Having attended a webinar you will receive an invitation to sign up for one of the workshops. Here you will be guided step-by-step through the DSPT to completion.
To find out more about the local programme, including how to achieve a level of compliance or update your current compliance please email: DSPTsupport@sarcp.com.
These essential opportunities are free and time-limited. Please make use of them whilst they are available.
Day service providers, including those which are not registered with CQC, can access national support from the Better Security, Better Care programme. Please visit the Digital Social Care website for details of what support is available and how to access it. The national programme is also offering support with the DSPT to large care provider groups with services in multiple parts of the country.
NHSX are extending the device support package for care homes who have previously received NHSX iPads until summer 2022. This is part of the Winter Plan to support social care.

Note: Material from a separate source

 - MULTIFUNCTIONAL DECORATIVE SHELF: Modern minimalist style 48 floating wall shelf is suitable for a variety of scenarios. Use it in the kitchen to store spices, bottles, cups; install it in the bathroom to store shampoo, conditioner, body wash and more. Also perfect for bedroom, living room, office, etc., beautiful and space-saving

This means that care homes with NHSX iPads won't lose access to a mobile device management service over the winter period, and will be able to access NHSmail and other services that require a secure connection.

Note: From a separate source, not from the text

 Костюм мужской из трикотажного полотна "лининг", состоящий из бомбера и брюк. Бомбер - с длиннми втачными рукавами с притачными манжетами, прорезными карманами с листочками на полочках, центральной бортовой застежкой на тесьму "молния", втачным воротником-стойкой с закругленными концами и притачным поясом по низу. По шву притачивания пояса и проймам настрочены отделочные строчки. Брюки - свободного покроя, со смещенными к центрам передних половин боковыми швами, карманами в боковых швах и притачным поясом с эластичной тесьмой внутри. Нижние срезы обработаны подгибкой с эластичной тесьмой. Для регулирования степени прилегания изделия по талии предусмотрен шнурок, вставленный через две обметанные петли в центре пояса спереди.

The extension is offered on an opt-out basis and all iPads will be transferred to the extended MDM with no change to their set-up, unless a care home or provider chain gets in touch with NHSX to opt-out of the extension. Care providers and staff who want to continue to have NHSX funded support don't have to take any action. If you want to opt-out of this extension, NHSX will be issuing a survey soon.

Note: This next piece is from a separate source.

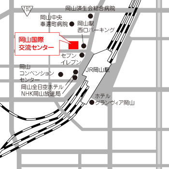 試験・スクーリング 情報ブック2014 会場案内 [岡山] 岡山国際交流センター 住所 〒700-0026 岡山市奉還町2丁目2-1 電話 086-256-2905 交通アクセス JR岡山駅西口から徒歩5分 駐車場 なし(近くの有料駐車場をご利用ください。身体障害者の方専用の駐車場は,1台分用意しています) 注意事項 指定された喫煙場所を除き,全館禁煙です

NHSX won't be continuing to fund the sim card package for the iPads over winter and care homes will need to use their own Wi-Fi (which most are already doing) or purchase a data only sim themselves. If you have any questions, please email iPad.Offer@nhsx.nhs.uk.
NHSX has commissioned Revealing Reality to do an independent evaluation of the iPads project. They want to use the evaluation to help better meet people's needs with future projects. To do this, they want to hear from a range of care staff and providers in the research.
If you'd like to take part, and share your views, please register via this link.
Contact firstname.lastname@example.org for more information.
Fast track access to NHSmail is no longer available and you will need to be DSPT compliant in order to register for an NHSmail account. Please visit the Digital Social Care website for guidance on how to access NHSmail and set up an NHSmail account.
The Digital Social Care website has full instructions for care providers on how to set up NHSmail, how to access and activate your account, plus a range of helpful resources including an NHSmail User Guide for Care Providers, videos addressing frequently asked questions.
You can find information on how to make the online application for your NHSmail account on the NHS Digital website.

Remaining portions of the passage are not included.